The bitcoin boom may be far from over.

Bespoke Investment Group's Dan Ciotoli believes the cryptocurrency's price could nearly triple by the end of the year — declaring that the January crash is likely behind it. "There was a big run-up in December, and then we kind of saw these get-rich-quick-investors exiting the space. Everyone rushed in at once. So, the inevitable crash happened," he said Tuesday on CNBC's "Futures Now." "Now it's starting to recover. We saw a bottom around $9,000."

Ciotoli, a blockchain analyst and software engineer, is out with a year-end forecast placing bitcoin prices in the $20,000 to $30,000 range. "The driver I think is going to bring bitcoin up in 2018 is bitcoin denominated commerce," he added — noting that converting it into dollars right now is too pricey. For his bullish forecast to stick, Ciotoli says it depends on the success of the Lightning Network, a technological endeavor that's expected to roll out this year. The network's goal is to bring in a new wave of buyers by making bitcoin transactions faster and cheaper.

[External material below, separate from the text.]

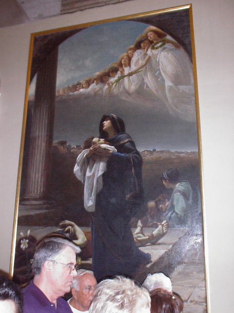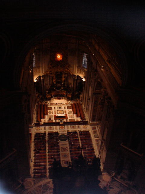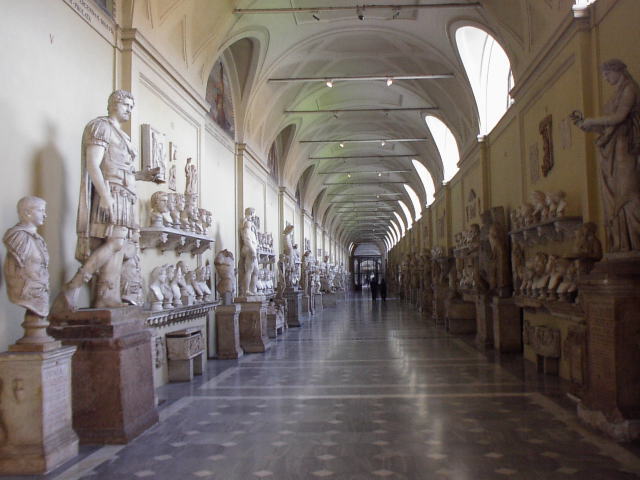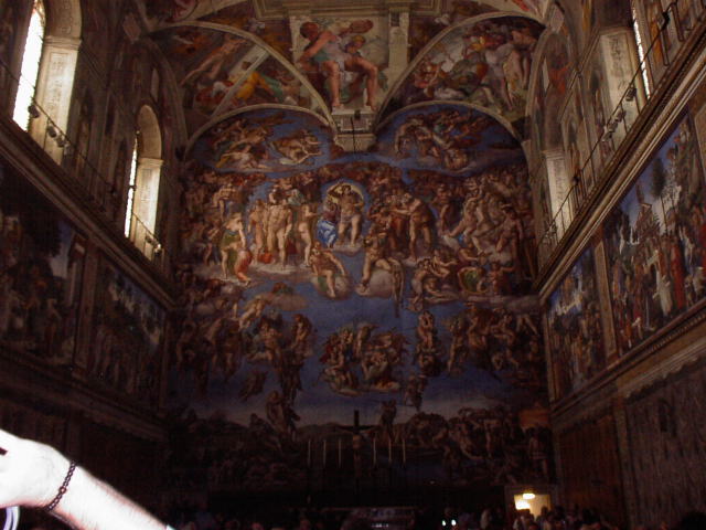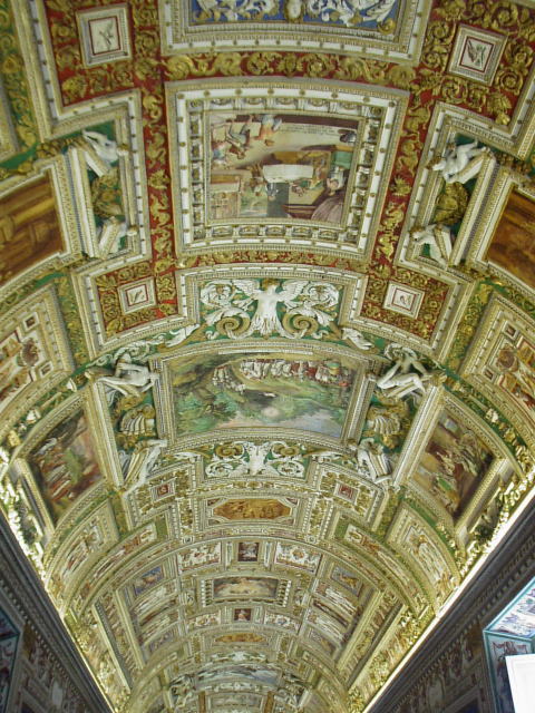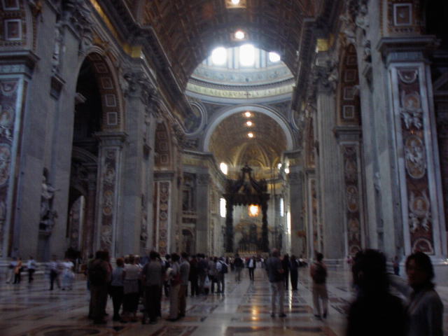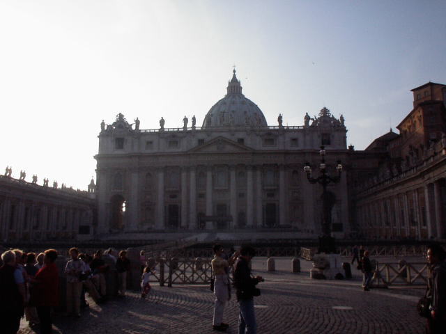 2日目(11月5日) 朝起きるといきなり風邪・・・。 かなりしんどい状況の中、ローマ観光へ向かいました。 今日は、見るのに時間がかなりかかると思われるヴァチカン市国へ行くことにしました。 ここを抑えとけば、とりあえずOKかなと思ったので。 ここで、簡単にヴァチカン市国というものを説明します。 ヴァチカンとは、イタリアではなく独立国家みたいです。 しかし、特にパスポートチェックなどはありません。 ローマ法王の直轄地でカトリックの総本山ということらしいのですが、詳しいことは良くわかりません。 興味がある方は、世界史を勉強してください。 ヴァチカン市国へは、普通に地下鉄で行けるのですが、どこからがヴァチカンなのか良くわかりませんでした。ヴァチカン市国には、世界有数のヴァチカン宮殿がありますので、そこからスタートすることにしました。 到着すると、いきなりの大行列!何かというと入場待ちをしている観光客の列でした。 仕方がないので側壁に沿って同じように並んで待つこと1時間、ようやく中へ入ることができました。 ![]() 宮殿はとても大きく、本気で見るとなると1週間はかかると言われています。 宮殿の中には20もの博物館、美術館、絵画館、図書館があって、どこがどこだかわからないというのが本音です。 中へ入ると一本道があり、両サイドにたくさんの銅像があります。 その先にもたくさんの銅像や海外があり、建物の天井などもとても綺麗です。 イタリアの美術館は、基本的に写真はNGなのですが、このヴァチカン宮殿は、写真を撮ることができるので、ちょっとだけですが、みなさんにお見せすることができます。 美術などの芸術作品や西洋史が好きな方には、たまらない場所だと思います。 その中で、ここだけは外せないという場所が、システィーナ礼拝堂です。 ここは、宮殿の一番裏にあり、ミケランジェロの「最後の審判」がある場所です。ここだけは、さすがに写真撮影禁止でしたが、みんながバシバシ撮っていたので、便乗して写真を撮ってしまいました。 この絵は、中央にマリアと聖人を従えたキリストがいて、審判をくだしているみたいです。 そして、右側にいる人たちは、選らばれし者として天へ登って行き、左側にいる人たちは、駄目ということで地獄へ落ちるということを意味しているみたいです。 ちなみに、キリストの足元に書かれている人間の顔は、ミケランジェロの自画像と言われていて、とてもグロテスクに書かれているそうです。 もう一つ外せないという場所が、ラファエッロの間です。ラファエッロの間は、宮殿の右端にあり、ラファエッロと弟子たちによって完成された部屋です。 ここは、4つの部屋からなっていて、各部屋にそれぞれ有名な絵画が飾られています。 1つ目の部屋が火災の間。2つ目が署名の間。3つ目がヘリオドロスの間。4つ目がコンスタンティヌスの間らしいのですが、どれがどの部屋か良くわかりませんでした。 たぶん、このラファエッロの間で撮った写真はこちら(←)です。 すごいと感動しつつも同じようなものばかり見て疲れてしまった私たちは、ヴァチカン宮殿を出ることにしました。 時計を見るとすでに15時くらい。結局、4時間くらい中にいました。 外に出ると急におなかがすいてきました。 それもそのはず、私たちは、朝食のパン以外は何も食べてなかったのです。 そこで、思いつくものは、やっぱりピッツァ! 近くにピッツァセットがあるレストランがあったので、そこでイタリア最初のイタリア料理を食べました。 ピッツァは、トマトソースがメインのノーマルなピッツァで、特においしいとは思いませんでした。 量は、かなりのものでしたけど。 ゆっくりと遅い昼食をとった後、サン・ピエトロ広場へ行きました。 サン・ピエトロというのは、聖人ペテロのことで、この広場あたりで逆十字架に架けられたことから、サン・ピエトロ広場というそうです。周りは、神殿のように大きな柱がたくさん並んでいて、とても雄大でお勧めの場所です。 サン・ピエトロ広場を満足してから、目の前にあるサン・ピエトロ寺院へ行きました。 ここは、カトリックの総本山で、神秘的な雰囲気がある建物です。 中は神聖の場所だけあってとても静かであり、絵画や彫刻などがたくさんあります。 中だけでも、とても満足できるのですが、この寺院にはクーポラという屋上があります。 そこで、とりあえず上ってみようとクーポラの入り口を探すことにしました。余談ですが、イタリアの寺院には、どこでもクーポラというものがあります。 今後もいくつかのクーポラの話が出てきますが、そのうちの一つが、あの冷静と情熱の間に出てきたクーポラです。 話は戻って、クーポラの入り口ですが、中を3回くらいぐるぐる回ってみたのですが全然見つかりません・・・。 ガイドブックの地図を開いてみたのですが、そこにはプレイ(祈り)ルームしかありませんでした。 もしかしたら、このプレイ

If the network fails, Ciotoli says, his year-end bitcoin target could drop as low as $5,000. "If I don't see people actually able to use bitcoin to say 'buy Starbucks' or something. I'd be worried that people would slowly lose interest, the price kind of levels off or even goes down," he said. It would be an unwelcome scenario, but even that wouldn't spell the end of bitcoin, according to Ciotoli. "The technology is here to stay, and I think it'll be interesting to see how things play out over the next year," Ciotoli said.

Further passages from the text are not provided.